ACTIVITY → Go through the entries below and print each one exactly, leaving out pictures.

LISTED ENTRIES →
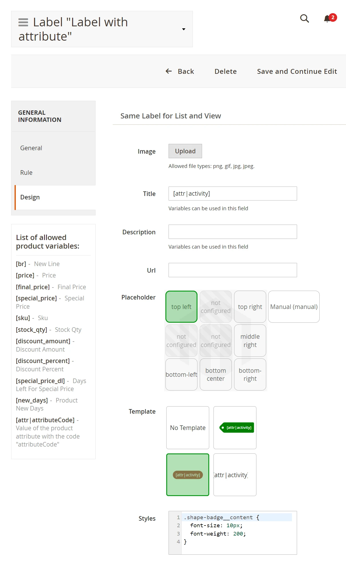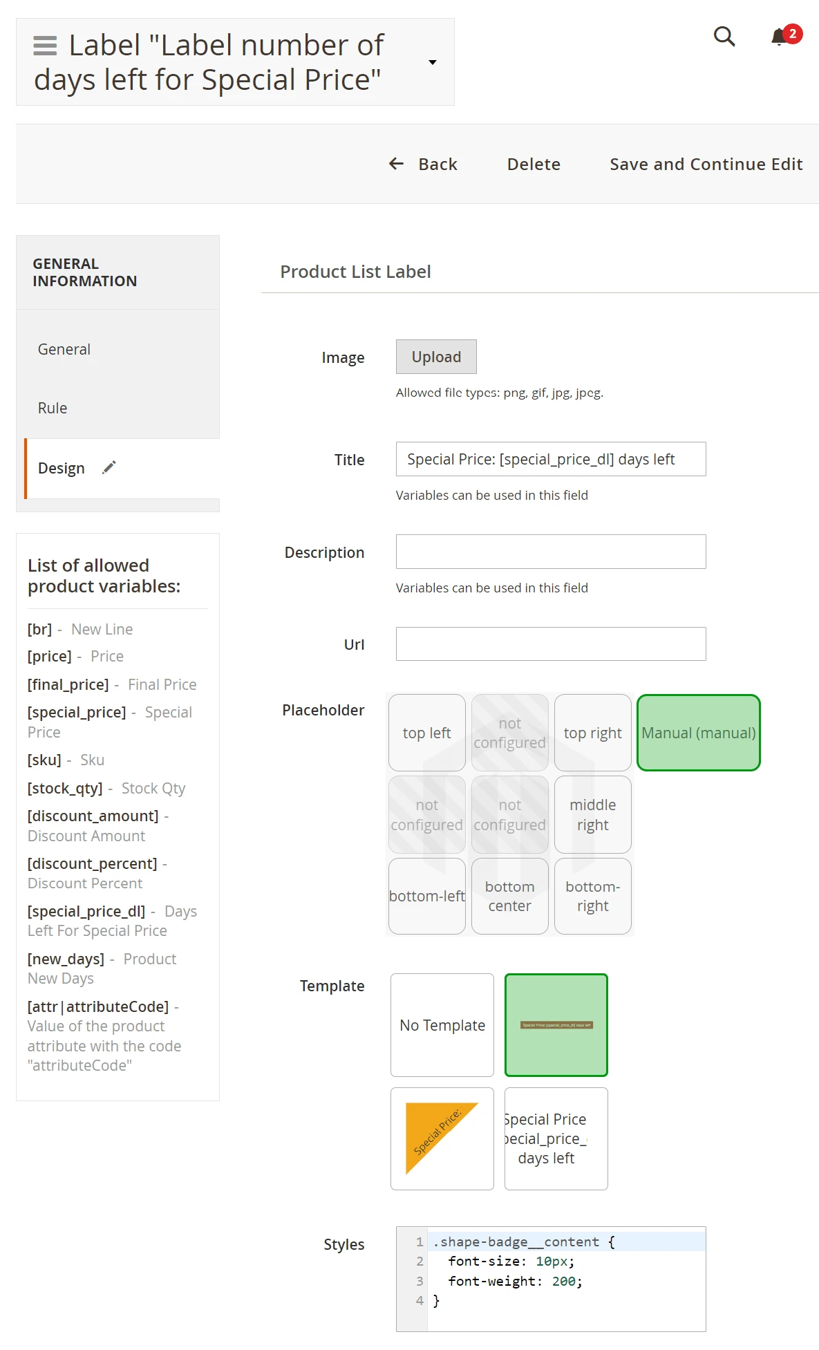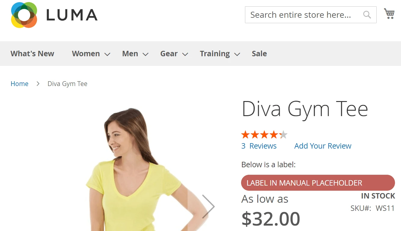 With a manual placeholder you are not restricted to placing labels on the product image. Choose this placeholder to place label anywhere on the product page or other pages of your Magento 2 store.
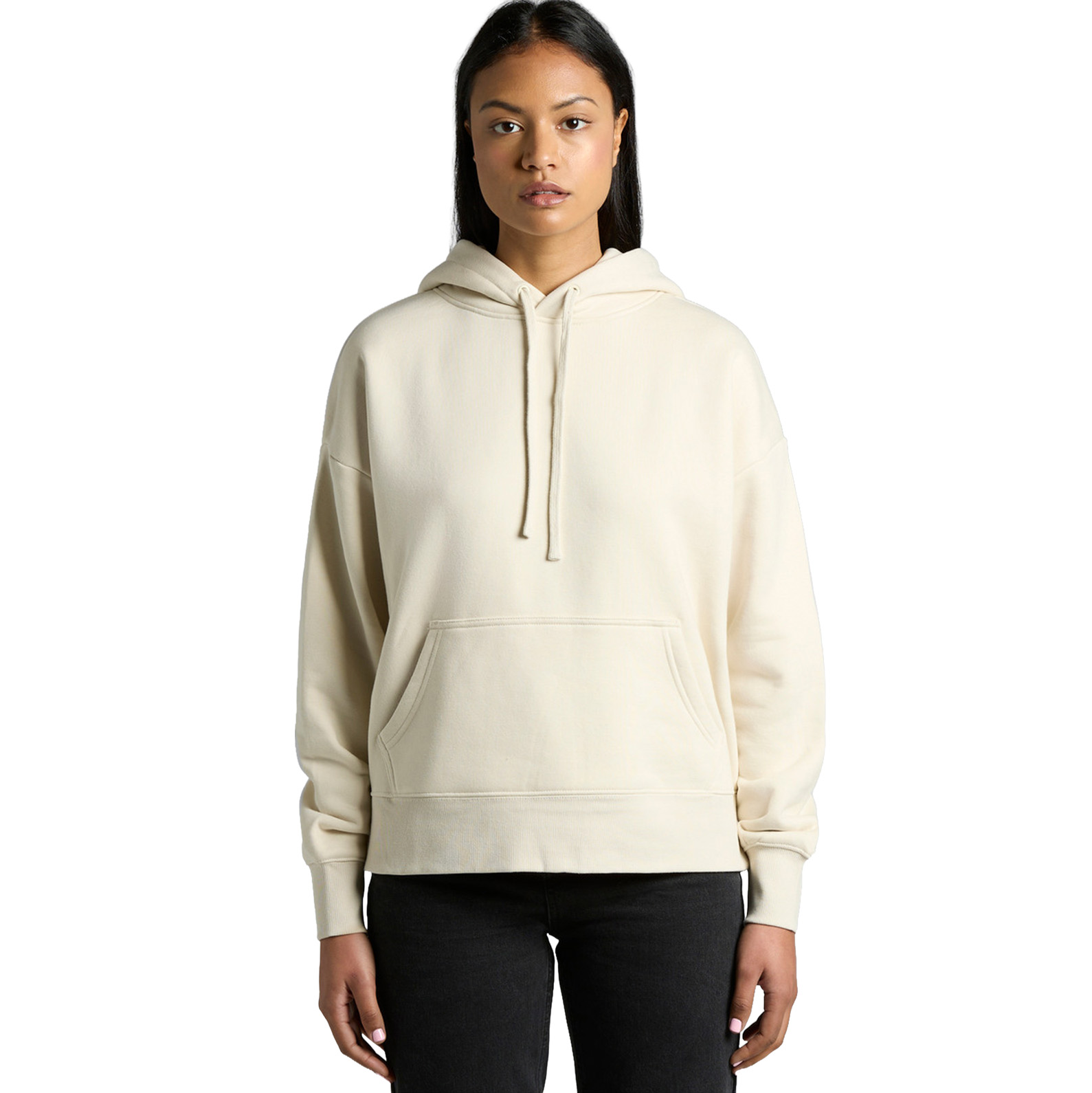 - Drop shoulder, pullover hood, CVC fleece, inset sleeves
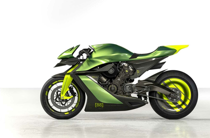 Мотоцикл пофарбований у поєднання зеленого Aston Martin Verdant Jade, чорного Cerakote та кислотно-жовтого Photon Lime. На «носі» та бензобаку — логотипи, виконані методом хімічного травлення. Вони на 30% тонші за людське волосся і на 99,4% легші за звичайні.
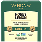 Vahdam Honey Lemon Green Tea Bags, 30 g (15 Pyramid Bags x 2 g each)
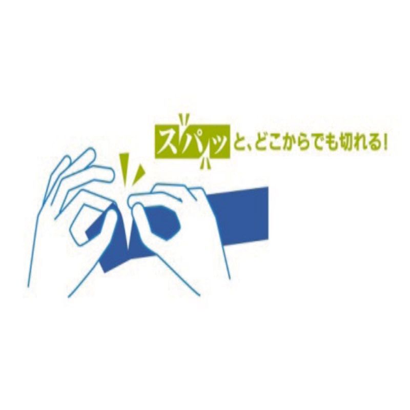 一度貼り付けると剥がした際に基材破壊がおきて剥がしたことがわかります。手で切れるようにカットが入っています。(テープカッターでも切れます。)両サイド各7mmずつノープリントゾーンがあります。ここは触っても青いテープが付着しません。
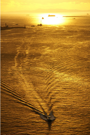 黄昏の海と船のシルエットがとても印象的だった。 |
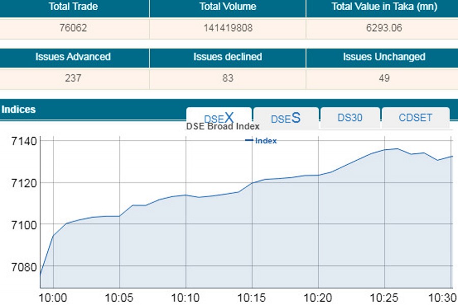 After crossing the prime index 7,000-mark, DSEX, the prime index of the Dhaka Stock Exchange (DSE), soared 58.12 points or 0.82 per cent to stand at 7,133 points within the first 30 minutes of trading at 10:30 am – the highest since its inception in 2013.
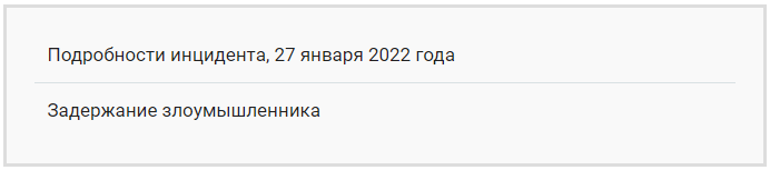 Подробности инцидента, 27 января 2022 года
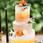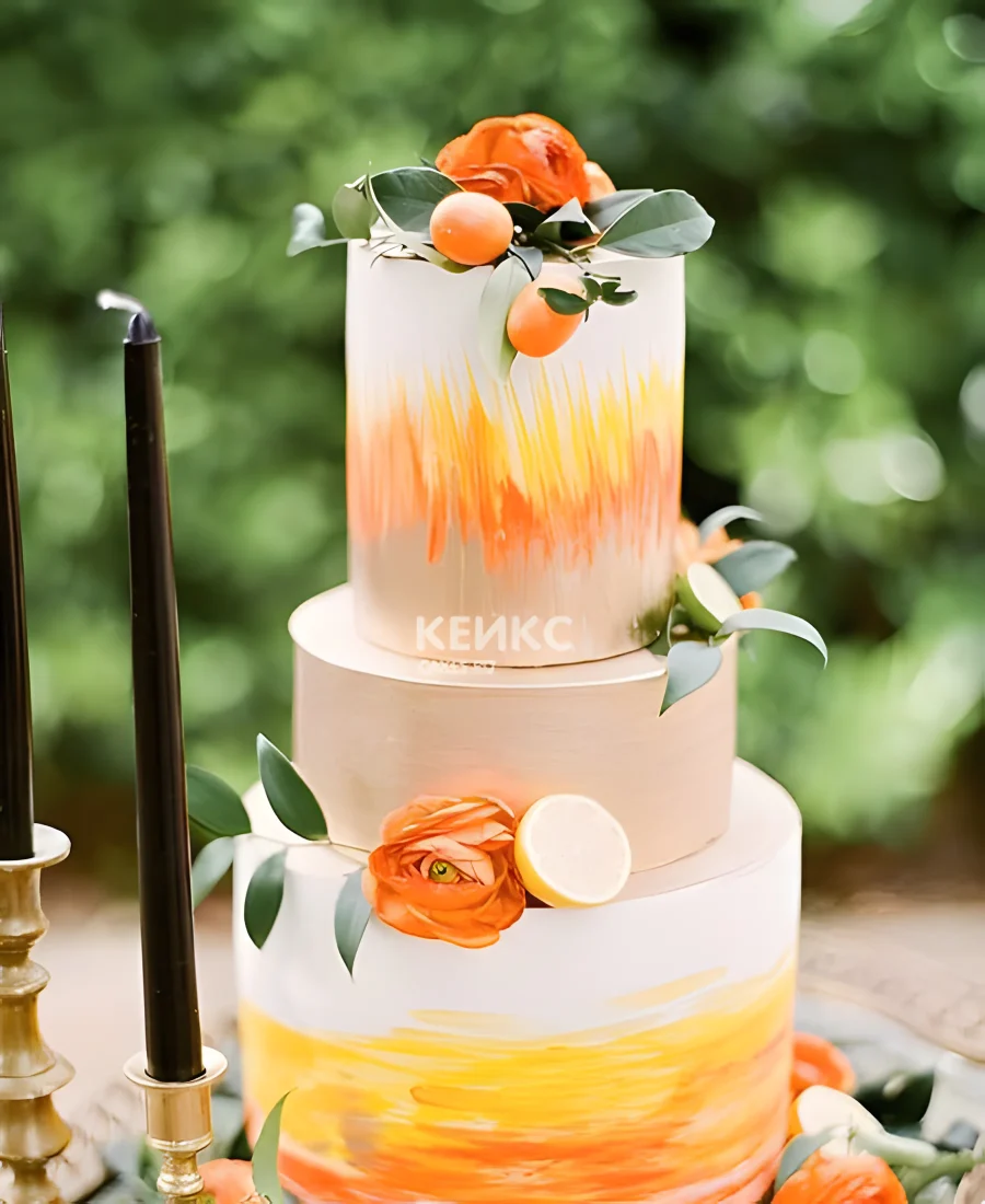 Шикарный свадебный торт в персиковых тонах с мандаринами и цветами
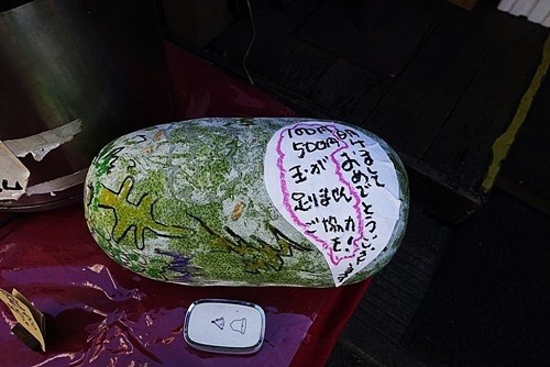 それは大きな細長い冬瓜に、「明けましておめでとう。100円、500円玉が足りません。ご協力を!」と書かれていた。以前にこの八百屋で初めて巨大な「晩白柚(ばんぺいゆ)」を買ったことがある。
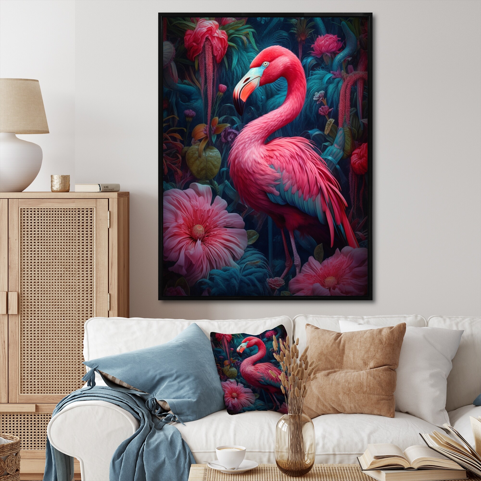 Designart "Tropical Flamingo Grace III" Animals Flamingo Framed Canvas Art Print
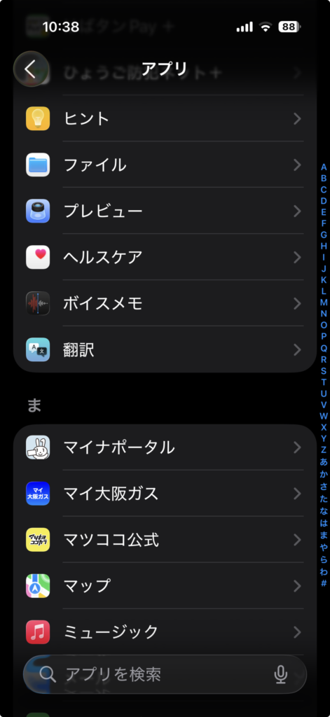 - 画面をスクロールして**「アプリ」をタップします**。
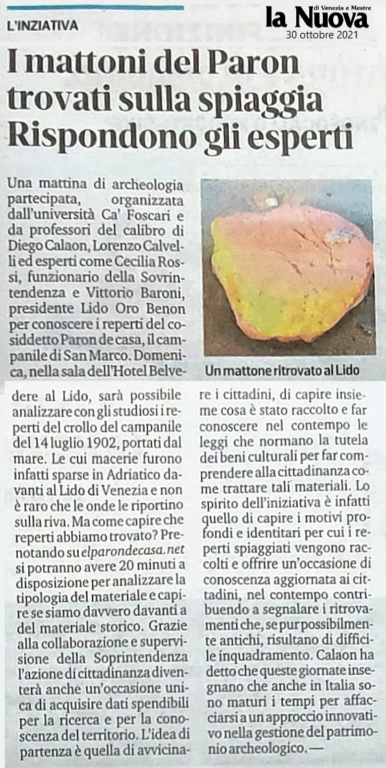 DOMENICA 7 NOVEMBRE, ANALISI REPERTI RITROVATI IN SPIAGGIA DAI CITTADINI. EVENTO ALL’HOTEL BELVEDERE, LIDO DI VENEZIA. PROGETTO EL PARON DE CASA, CAMPANILE DI SAN MARCO
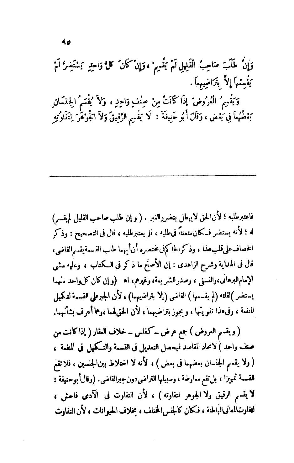 ويقسم العروض إذا كانت من صنفٍ واحدٍ، ولا يقسم الجنسان بعضهما في بعض، وقال أبو حنيفة: لا يقسم الرقيق ولا الجوهر لتفاوته
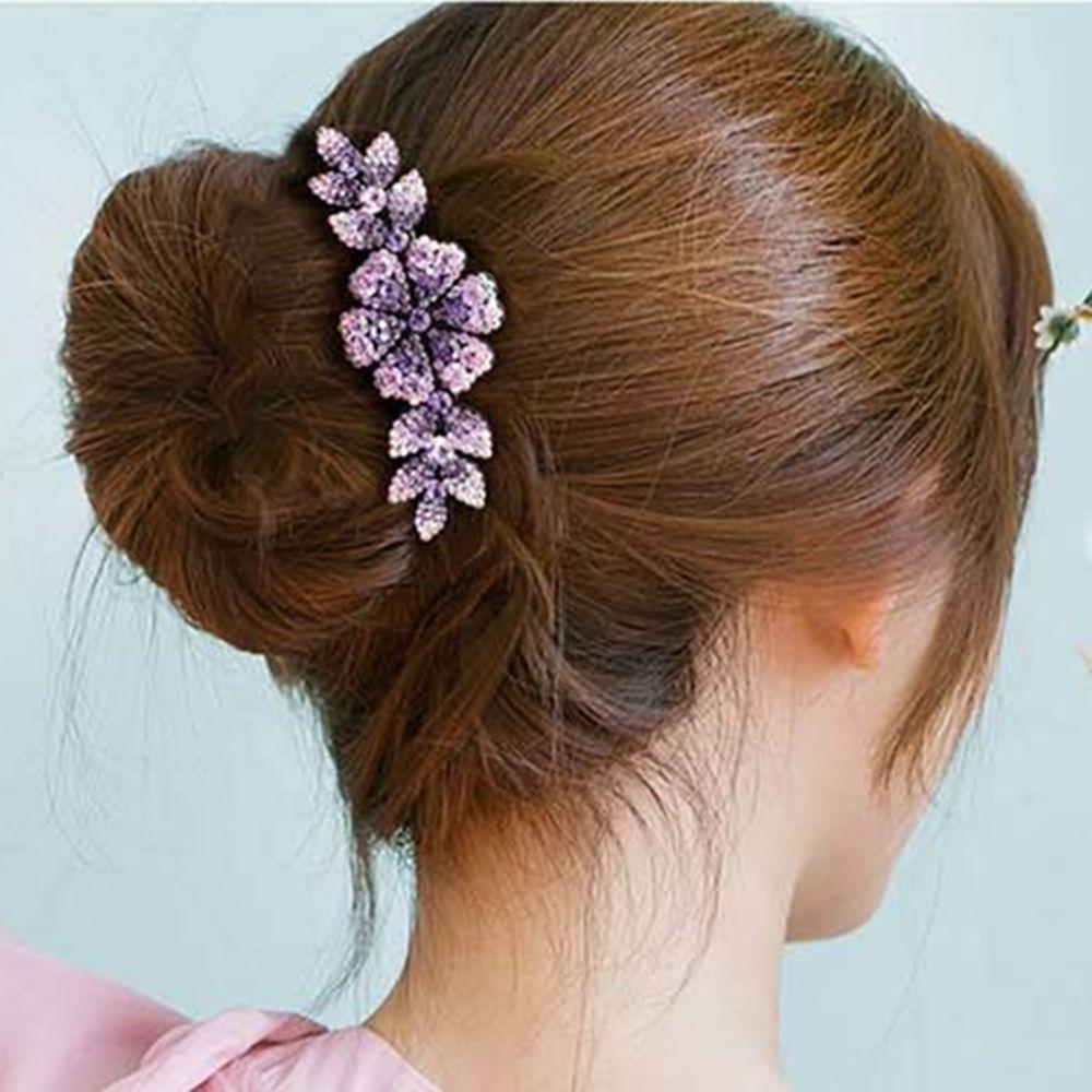 Bride Hair Jewelry Bride Headpiece Women Headdress Hairpin Hair Comb Inlaid Flower Shiny Rhinestone
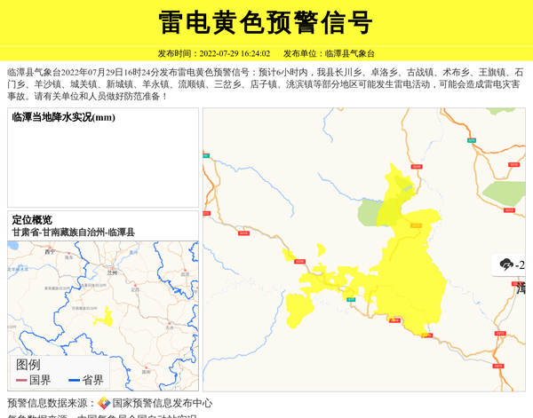 临潭县气象台2022年07月29日16时24分发布雷电黄色预警信号:预计6小时内,我县长川乡、卓洛乡、古战镇、术布乡、王旗镇、石门乡、羊沙镇、城关镇、新城镇、羊永镇、流顺镇、三岔乡、店子镇、洮滨镇等部分地区可能发生雷电活动,可能会造成雷电灾害事故。请有关单位和人员做好防范准备! 信息来源:国家预警信息发布中心; 发布单位:临潭县气象台。
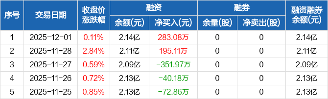 松芝股份:融资净买入283.08万元,融资余额2.14亿元(12-01)
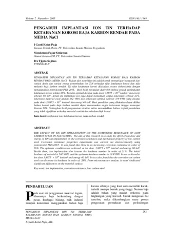 Puja, I Gusti Ketut and Setiawan, Nicodemos Fajar and Sujitno, Tjipto (2005) PENGARUH IMPLANTASI ION TiN TERHADAP KETAHANAN KOROSI BAJA KARBON RENDAH PADA MEDIA NaCl. Prosiding Pertemuan dan Presentasi Ilmiah Teknologi Akselerator dan Aplikasinya, 7. pp. 282-287. ISSN 1411-1349
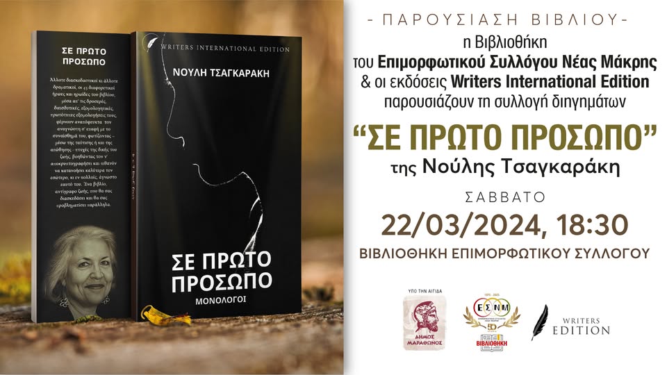 Το Σάββατο το απόγευμα, στις 6.30μμ, η Βιβλιοθήκη του Επιμορφωτικού Συλλόγου Νέας Μάκρης και οι εκδόσεις Writers International Edition διοργανώνουν την παρουσίαση της συλλογής διηγημάτων ‘Σε πρώτο πρόσωπο’, της συγγραφέως και ποιήτριας Νούλης Τσαγκαράκηστο, στο χώρο της βιβλιοθήκης του Επιμορφωτικού Συλλόγου.

EXERCISE OUTPUT →
 With a manual placeholder you are not restricted to placing labels on the product image. Choose this placeholder to place label anywhere on the product page or other pages of your Magento 2 store.
 - Drop shoulder, pullover hood, CVC fleece, inset sleeves
 Мотоцикл пофарбований у поєднання зеленого Aston Martin Verdant Jade, чорного Cerakote та кислотно-жовтого Photon Lime. На «носі» та бензобаку — логотипи, виконані методом хімічного травлення. Вони на 30% тонші за людське волосся і на 99,4% легші за звичайні.
 Vahdam Honey Lemon Green Tea Bags, 30 g (15 Pyramid Bags x 2 g each)
 一度貼り付けると剥がした際に基材破壊がおきて剥がしたことがわかります。手で切れるようにカットが入っています。(テープカッターでも切れます。)両サイド各7mmずつノープリントゾーンがあります。ここは触っても青いテープが付着しません。
 黄昏の海と船のシルエットがとても印象的だった。 |
 After crossing the prime index 7,000-mark, DSEX, the prime index of the Dhaka Stock Exchange (DSE), soared 58.12 points or 0.82 per cent to stand at 7,133 points within the first 30 minutes of trading at 10:30 am – the highest since its inception in 2013.
 Подробности инцидента, 27 января 2022 года
 Шикарный свадебный торт в персиковых тонах с мандаринами и цветами
 それは大きな細長い冬瓜に、「明けましておめでとう。100円、500円玉が足りません。ご協力を!」と書かれていた。以前にこの八百屋で初めて巨大な「晩白柚(ばんぺいゆ)」を買ったことがある。
 Designart "Tropical Flamingo Grace III" Animals Flamingo Framed Canvas Art Print
 - 画面をスクロールして**「アプリ」をタップします**。
 DOMENICA 7 NOVEMBRE, ANALISI REPERTI RITROVATI IN SPIAGGIA DAI CITTADINI. EVENTO ALL’HOTEL BELVEDERE, LIDO DI VENEZIA. PROGETTO EL PARON DE CASA, CAMPANILE DI SAN MARCO
 ويقسم العروض إذا كانت من صنفٍ واحدٍ، ولا يقسم الجنسان بعضهما في بعض، وقال أبو حنيفة: لا يقسم الرقيق ولا الجوهر لتفاوته
 Bride Hair Jewelry Bride Headpiece Women Headdress Hairpin Hair Comb Inlaid Flower Shiny Rhinestone
 临潭县气象台2022年07月29日16时24分发布雷电黄色预警信号:预计6小时内,我县长川乡、卓洛乡、古战镇、术布乡、王旗镇、石门乡、羊沙镇、城关镇、新城镇、羊永镇、流顺镇、三岔乡、店子镇、洮滨镇等部分地区可能发生雷电活动,可能会造成雷电灾害事故。请有关单位和人员做好防范准备! 信息来源:国家预警信息发布中心; 发布单位:临潭县气象台。
 松芝股份:融资净买入283.08万元,融资余额2.14亿元(12-01)
 Puja, I Gusti Ketut and Setiawan, Nicodemos Fajar and Sujitno, Tjipto (2005) PENGARUH IMPLANTASI ION TiN TERHADAP KETAHANAN KOROSI BAJA KARBON RENDAH PADA MEDIA NaCl. Prosiding Pertemuan dan Presentasi Ilmiah Teknologi Akselerator dan Aplikasinya, 7. pp. 282-287. ISSN 1411-1349
 Το Σάββατο το απόγευμα, στις 6.30μμ, η Βιβλιοθήκη του Επιμορφωτικού Συλλόγου Νέας Μάκρης και οι εκδόσεις Writers International Edition διοργανώνουν την παρουσίαση της συλλογής διηγημάτων ‘Σε πρώτο πρόσωπο’, της συγγραφέως και ποιήτριας Νούλης Τσαγκαράκηστο, στο χώρο της βιβλιοθήκης του Επιμορφωτικού Συλλόγου.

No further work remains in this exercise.